I looked at a job at a dormitory where we will remove the existing surface mount light and install new ceiling fan/light in each room. It looks like the smoke detectors were installed a few years ago about 18" from the existing light in each room. If we install the ceiling fans, the existing smoke detector will be right under the new ceiling fans. IMO that doesn't seem acceptable. The smoke detectors should not be under the ceiling fan. Is that a correct assessment? If so, how far away should the smoke detectors be away from the ceiling fan?


----------



## Semi-Ret Electrician (Nov 10, 2011)

Some smoke detectors are mounted inside of air ducts.


----------



## Chris1971 (Dec 27, 2010)

Semi-Ret Electrician said:


> Some smoke detectors are mounted inside of air ducts.


The existing smoke detectors are typical residential type.

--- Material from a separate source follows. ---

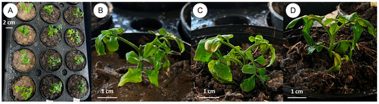 Plantlet acclimatization of C. lenis: (A) Plantlets with a well-developed root system are planted in small plastic pots filled with transplanting material on day one, (B) transplanted with sterile soil for 4 weeks, (C) transplanted with mixture of sterile soil and cocopeat (1:1) for 4 weeks, and (D) transplanted with mixture of sterile soil, cocopeat, and vermiculite (1:1:1) for 4 weeks.

Kidde Brand.


----------



## T&K (Jun 18, 2012)

Our local code is 56" from the edge of the fan blade.


----------



## Semi-Ret Electrician (Nov 10, 2011)

Usually the detectors come with a do and don't sheet.

They caution about being at least 6" away from a wall or ceiling, to avoid dead air space.


Or too close to an air duct

No danger of that here.


----------



## chicken steve (Mar 22, 2011)

iirc, we're 36" here

we usually position smokes close to doors , which takes care of this anyways, but there's always that 'closet bedroom' that's a challenge!

~CS~


----------



## Chris1971 (Dec 27, 2010)

These smoke detectors are an existing installation. Installing the ceiling fans will make the detectors directly under the the ceiling fan blades. So, building code is 36" from ceiling fan blades?


----------



## MTW (Aug 28, 2013)

Chris1971 said:


> These smoke detectors are an existing installation. Installing the ceiling fans will make the detectors directly under the the ceiling fan blades. So, building code is 36" from ceiling fan blades?


Yes. Check the instruction manual that comes with the smokes. It spells all that out.


----------



## Chris1971 (Dec 27, 2010)

MTW said:


> Yes. Check the instruction manual that comes with the smokes. It spells all that out.


I don't have the instruction manual but, I'm sure I'll find one for verification purposes. Thanks.:thumbup:


----------



## MTW (Aug 28, 2013)

Chris1971 said:


> I don't have the instruction manual but, I'm sure I'll find one for verification purposes. Thanks.:thumbup:


Do you have a smoke on your van or in your shop? It's also available online.


----------



## chicken steve (Mar 22, 2011)

Google firex Chris

~CS~


----------



## Chris1971 (Dec 27, 2010)

Found it. Not within 3' of ceiling fans.


:thumbup:


Ibtl.......:whistling2::laughing:


----------



## The_Modifier (Oct 24, 2009)

Chris1971 said:


> Ibtl.......:whistling2::laughing:


Troll.....






































:jester::laughing:


----------



## FrunkSlammer (Aug 31, 2013)

Chris1971 said:


> Found it. Not within 3' of ceiling fans.


Guess you won't be getting this job.. guess I'll go bid it.

NO PROBLEM HERE! :thumbup:


----------



## LARMGUY (Aug 22, 2010)

FrunkSlammer said:


> Guess you won't be getting this job.. guess I'll go bid it.
> 
> NO PROBLEM HERE! :thumbup:


Hang it on the wall and be done with it.


----------



## The_Modifier (Oct 24, 2009)

LARMGUY said:


> Hang it on the wall and be done with it.


Don't be silly, everyone knows why they call them *CEILING* fans :jester::laughing:


----------



## LARMGUY (Aug 22, 2010)

The_Modifier said:


> Don't be silly, everyone knows why they call them *CEILING* fans :jester::laughing:


Oh har de har har!


----------